New research based on an expedition to the icy waters off Greenland reveals high levels of antifreeze proteins in a species of tiny snailfish, underlying the importance of this unique adaptation to life in sub-zero temperatures.
The U.S. National Science Foundation-supported study, led by scientists at the American Museum of Natural History and the City University of New York and published in the journal Evolutionary Bioinformatics, also warns that warming oceanic temperatures in the Arctic could pose a threat to these highly specialized fishes.
"The snailfish is a great example of adaptations to life in extreme environments through displays of biofluorescence in long periods of extended darkness, along with antifreeze proteins that allow it to survive the subzero waters of the Arctic," says Wilson Francisco, a program director in NSF's Division of Molecular and Cellular Biosciences. Biofluorescence, the ability to convert blue light into green, red or yellow light, is rare in Arctic fishes; the snailfish is the only polar fish known to biofluoresce.
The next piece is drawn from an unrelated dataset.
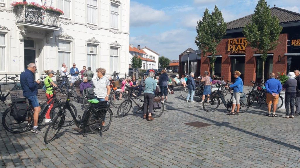 Op zondagochtend 16 juli om half 11 hebben zich 36 mensen verzameld om deel te nemen aan de fietstocht. Verdeeld in twee groepen vertrekken de deelnemers begeleid door Thea en Joep. Gelukkig zijn Chris en Lies erbij om de groepen van achter in de gaten te houden. Het is een winderige ochtend, maar bijna alle deelnemers fietsen elektrisch.
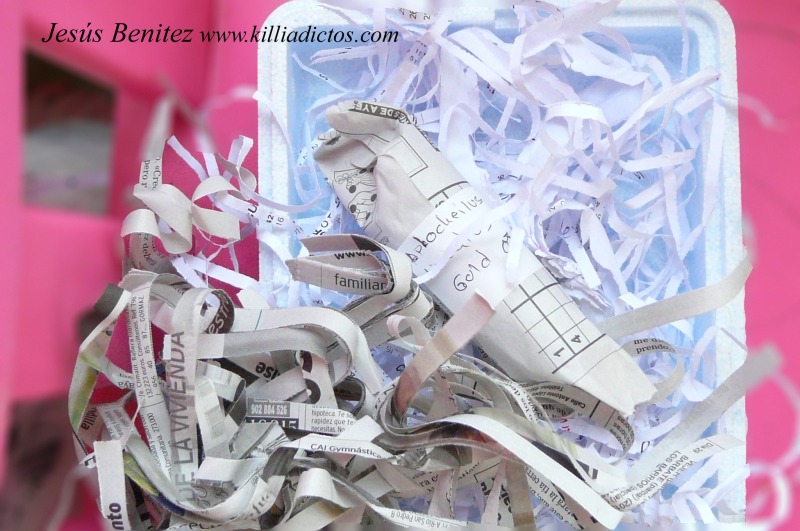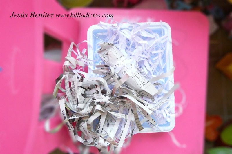 Ahora toca preparar el envio, cogemos la caja y le colocamos fideos de papel, los podemos hacer con un triturador de papel o con una tigera.

The icy waters of polar oceans are an extreme environment for marine life, limiting inhabitants to those with mechanisms to cope with freezing temperatures. Unlike some species of reptiles and insects, fishes cannot survive even partial freezing of their body fluids, so they depend on antifreeze proteins, made primarily in the liver, to prevent the formation of large ice grains inside their cells and body fluids.
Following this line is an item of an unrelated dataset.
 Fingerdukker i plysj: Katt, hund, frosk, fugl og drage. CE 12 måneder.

The ability of fish to make these specialized proteins was discovered nearly 50 years ago, and scientists have since determined that antifreeze proteins are made from five different gene families.
The snailfish genes have the highest expression levels of antifreeze proteins ever observed, highlighting their importance to these animals' survival and sending up a red flag about how they might fare in warming environmental conditions.
Since the mid-20th century, temperatures have increased twice as fast in the Arctic as in mid-latitudes. Some studies predict that if Arctic sea ice decline continues at the current rate, in summer the Arctic Ocean will be mostly ice-free within the next three decades.